49 million Instagram influencers hacked. (Are there really that many?)

Photo: Adrian Chen via Wikimedia Commons

Somebody posted a database of 49 million Instagram influencers where anyone could see it. This event says more about the stupidity of the term “influencer” than it does about breaches and leaks.

According to TechCrunch, the database originated with Mumbai-based Chtrbox, a marketing firm that pays influencers to post things. Each record included the number of followers, reach and engagement statistics, and contact information such as emails and phone numbers. Most of that is accessible through scraping info from Instagram, but the emails and phone numbers had to come from a breach; Instagram has previously reported a bug that exposed people’s personal information.

Breaches are hardly even news at this point. But 49 million influencers? 49 million?

These are not influencers. And most consumer influencers aren’t.

What is an “influencer”? (It makes me wince to even write that word.) According to Lee Odden of TopRank Marketing, the definitive expert on this topic:

Influencer Marketing is the practice of engaging internal and industry experts with active networks to help achieve measurable business goals.

Clearly, there cannot be 49 million people with identifiable expertise.

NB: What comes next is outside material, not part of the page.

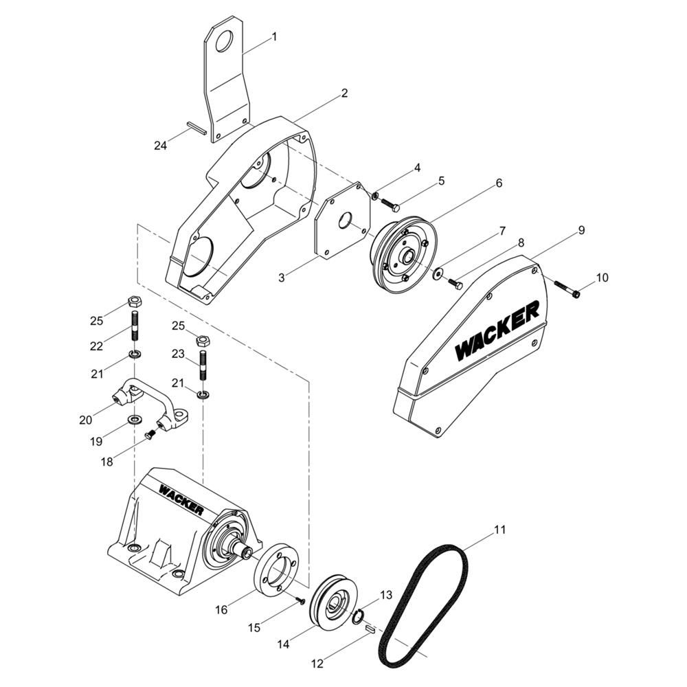 The Drive System Assembly for the Wacker BPS2550A Plate Compactor includes key components essential for the machine's operation. This assembly ensures efficient power transmission and smooth operation. Typical parts may include belts, pulleys, and shafts, all designed to maintain the compactor's performance and reliability.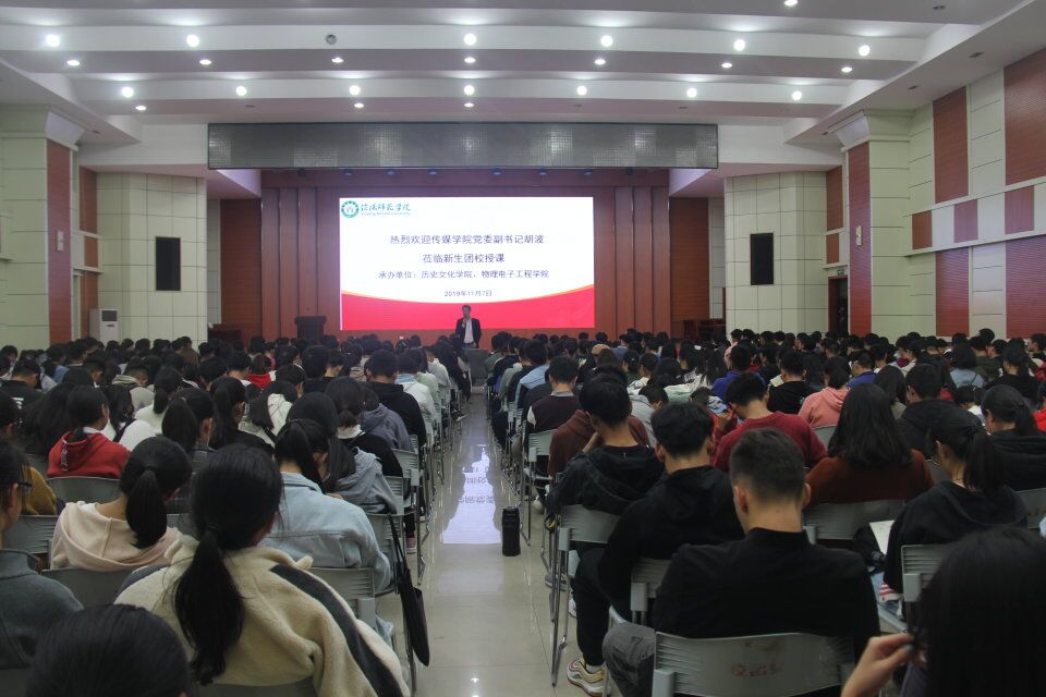 11月7日晚, 传媒学院党委副书记胡波应邀在逸夫楼报告厅举为我院2019级新生团校做了题为《大学路途》的专题辅导讲座,本次团课由我院党委副书记刘喜元主持。我院团委书记王道歆、新生辅导员付亚男也参加了此次团课。

And none of the reports say the database identified what kind of influencer these people were (fashion? world travel? SEO? skydiving?).

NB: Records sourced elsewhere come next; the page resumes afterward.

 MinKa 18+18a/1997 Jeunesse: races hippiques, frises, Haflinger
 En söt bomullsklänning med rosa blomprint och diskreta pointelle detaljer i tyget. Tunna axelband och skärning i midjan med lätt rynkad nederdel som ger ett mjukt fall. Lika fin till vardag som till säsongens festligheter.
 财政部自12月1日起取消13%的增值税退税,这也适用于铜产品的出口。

So no, this is not a list of influencers. It is a list of people along with the number of followers and engagements they have.

You could attempt to persuade them to talk about your product (and the database assigned a worth to each account, presumably based on an algorithm). But for most of these people, that would be wasteful and dumb. If someone has 1000 random followers, they are not an influencer. You cannot effectively pay them to say what airline to fly, what saucepan to cook with, or what underwear to choose, because nobody cares what they think.

I agree with Lee that influencer marketing should start with identifying who has influence in your market. Those folks have to have some integrity or they are worthless. You could try to persuade them that your products or services are worth talking about, or you could pay them and have them make a sponsored post.

These are PR and advertising activities.

As for “microinfluencers,” (1000+ followers) or “nanoinfluencers” (even fewer), you should probably forget it. Their credentials and influence are weak.

Even if you can effectively win over enough of them to matter, will it be worth the effort? Will they follow FTC disclosure rules or subject you to a regulatory action?

What happened with Instagram and Chtrbox is an Instagram data breach. Nearly 50 million regular people had their information posted. This is terrible. But it has nothing to do with influence.

8 responses to “49 million Instagram influencers hacked. (Are there really that many?)

  1. Hi Josh, Clearly a few publications are sensationalizing by saying the 49 million are all “influencers and on that point I pretty much agree.

    Since you have appropriated my definition of influencer marketing as a general concept, it’s worth noting that I share that definition as specific to B2B. I only work with, write about and engage on B2B influencer marketing topics which is very different than B2C.

    Expertise is far more important for B2B influencer marketing. With B2C the ability to create media and have an interested audience is the focus for what brands find valuable. I don’t think my definition works as a universal concept, only for B2B.